La vertu de tempérance pour maîtriser le plaisir
Que l’on ne s’imagine pas maîtriser ou bannir le désir des choses présentes, si, à la place de ces mauvais penchants, que l’on souhaite retrancher, l’on n’en met de bons. La force vitale de l’âme ne lui permet pas de rester sans quelque sentiment de désir ou de crainte, de joie ou de tristesse ; il suffit alors de bien l'occuper. Nous voulons chasser de notre cœur les convoitises de la chair : livrons aussitôt la place aux joies spirituelles. Prise à cet heureux filet, l’âme aura désormais où se fixer, et rejettera les séductions des joies présentes, des bonheurs qui passent.
Lorsque de quotidiens exercices l’auront conduite à cet état, l’âme connaîtra par expérience le sentiment qui s’exprime dans ce verset, que tous, à la vérité, nous chantons sur le rythme accoutumé de la psalmodie, mais dont un petit nombre seulement, que l’expérience a instruits, pénètrent tout le sens : « J’avais les yeux vers le Seigneur toujours, parce qu’il est à ma droite, de peur que je ne chancelle » (Ps 15, 8). Oui, celui-là seul aura l’intelligence intime et vivante de ces, paroles, qui, parvenu à la pureté d’âme et de corps dont nous parlons, comprendra que c’est le Seigneur qui, à tout instant, l’y maintient, de peur qu’il ne retombe de ces hauteurs à sa misère, et qui protège constamment sa droite, c’est-à-dire ses actions saintes.…
Voici, au demeurant, le signe certain que l’on est tout proche de la pureté : c’est que l’on commence à ne plus l’attendre de ses propres efforts.
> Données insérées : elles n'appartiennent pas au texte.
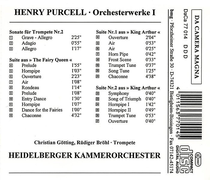 Heidelberger Suiten 1 & 2 King Arthur CD

Lorsque l’on a bien compris toute la portée de ce verset : « Si le Seigneur ne bâtit la maison, c’est en vain que travaillent ceux qui la bâtissent », on ne se fait point de sa pureté un mérite orgueilleux, parce que l’on voit trop bien qu’on la doit à la miséricorde du Seigneur et non à sa propre diligence ; on ne s’emporte pas non plus contre les autres avec une rigueur impitoyable, parce que l’on sait que la vertu de l’homme n’est rien, si elle n’est aidée de la vertu divine.
Cassien, Conférences, 12, Conférence de l’abbé Chérémon, De la chasteté, chap. 5 et 15.